### [What the task asks]
All lines in the records below from the line with "Please do not" through the line with "A Sioux squaw in full dance dress" are to be given again exactly, both ends included; the pictures are to be left out.

Stored entries
============

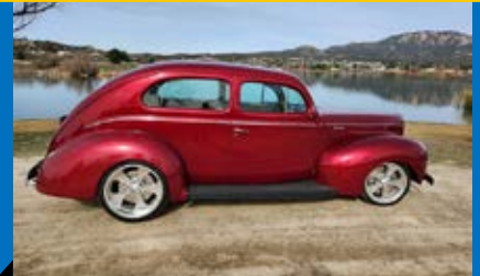
#236 – 1940 FORD DELUXE

289 V8, 3 speed. New paint and suspension in 2024. New seats, new carpet kit, new paint and glass on hardtop Jan 2026.
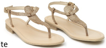
Gladiator - $ 75 Aquamarine, Diamond, Champagne and Hemetite
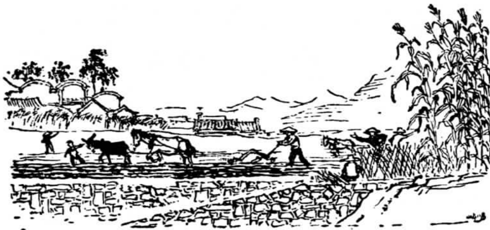
Autumn Sowing Begins

These Chekiang peasants have come a long way. Yet they are only pacesetters in a veritable mass movement of China's peasants to storm the gates
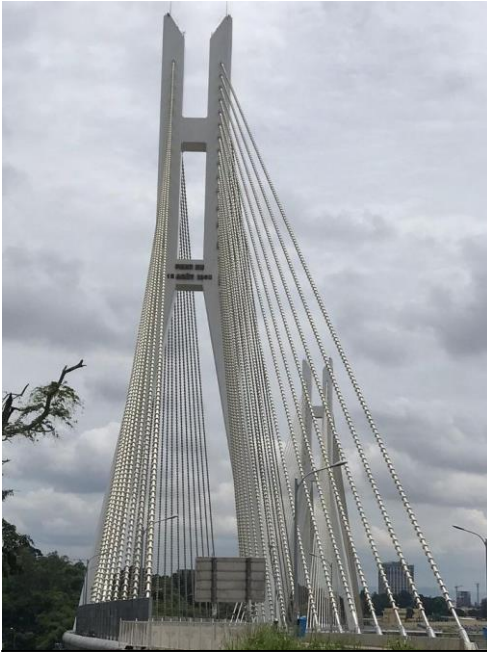
The riverside bridge – Brazzaville's distinctive landmark

Please do not post this on a web page without our permission.
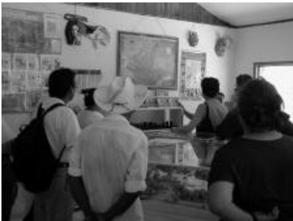
Ford Foundation visits the Be Pukte Cultural Center 2001
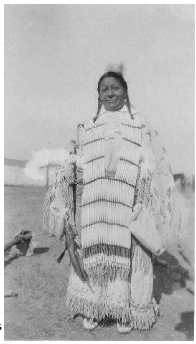
A Sioux squaw in full dance dress

As the sun went down in dark clouds fringed with orange and gold, and the twilight cast long shadows from the rugged western hills, the strange scene gradually faded and darkness spread over it all. Flash lights and torches appeared and camp-fires were showing all around, like myriad fire-flies flitting about in the gloom. A faint roar like the hum of a distant cataract could be heard, broken by the shouts of the herder-boys as they made their nightly round-up. Here and there could be heard the tom-tom and uncanny war-songs of the weird dances and feasts being held in various sections of the great encampment.
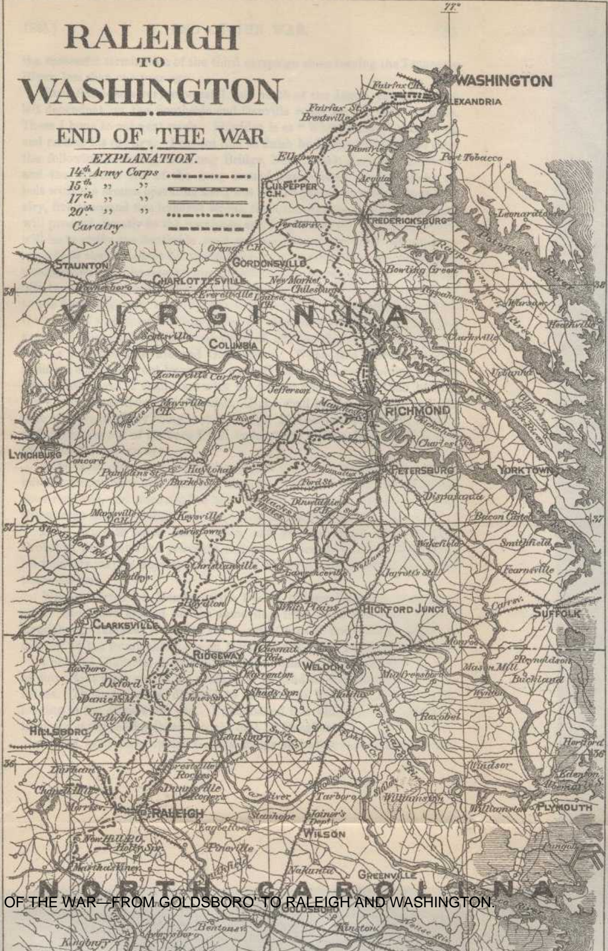
END OF THE WAR—FROM GOLDSBORO TO RALEIGH AND WASHINGTON.
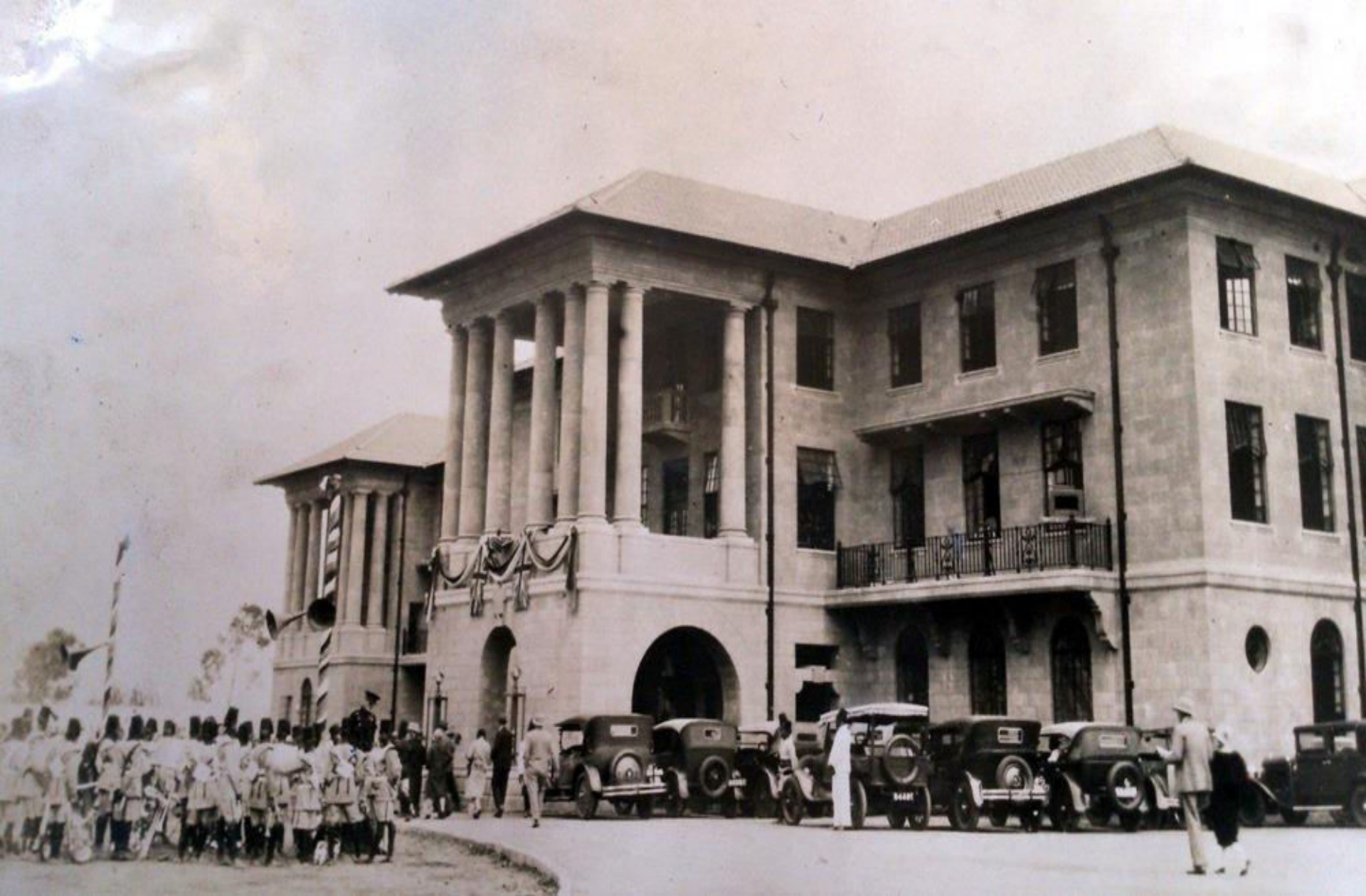
New Railway HQ: 1929
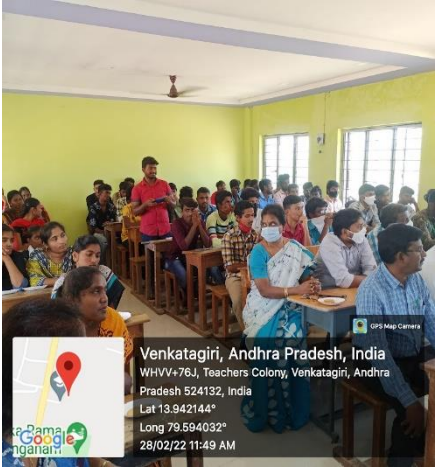
Venkatagiri, Andhra Pradesh, India WHVV+76J, Teachers Colony, Venkatagiri, Andhra Pradesh 524132, India Lat 13.942144° Long 79.594032° 28/02/22 11:49 AM
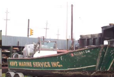
"MELANIE" 22' O/B
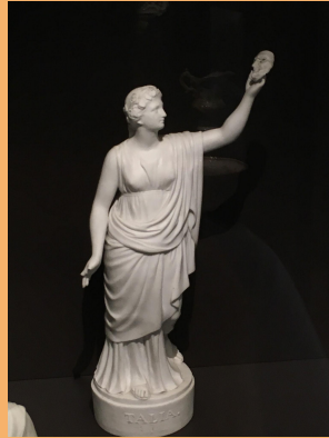
Muse of Comedy

During my five-week experience in Madrid, I took a course on underworlds and afterlives. This course gave me an opportunity to see ancient art and theater.
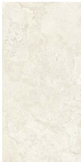
White Crosscut Ridge
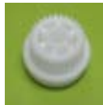
4040255101 Konica minolta Gear(Original) ME01-003-0067
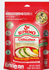
CHEESE CHIHUAHUA SHREDDED 30565 - 4/5 LB
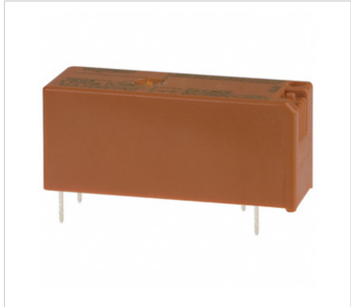
Gambar bisa berupa representasi. Lihat spesifikasi untuk detail produk.
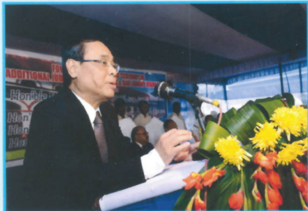
Justice Ranjan Gogoi addressing the Advocates, Judicial Officers at Dibrugarh
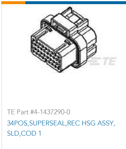
TE Part #4-1437290-0 34POS,SUPERSEAL,REC HSG ASSY, SLD,COD 1
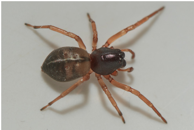
Fig. 1: Paratrachelas maculatus (Thorell, 1875) female from Vienna, Austria (both legs I missing)

Measurements. Prosoma length: 1.85 mm (♀ from Stuttgart), 1.95 mm (♀ from Vienna).

============

### [Written answer]
Please do not post this on a web page without our permission.
Ford Foundation visits the Be Pukte Cultural Center 2001
A Sioux squaw in full dance dress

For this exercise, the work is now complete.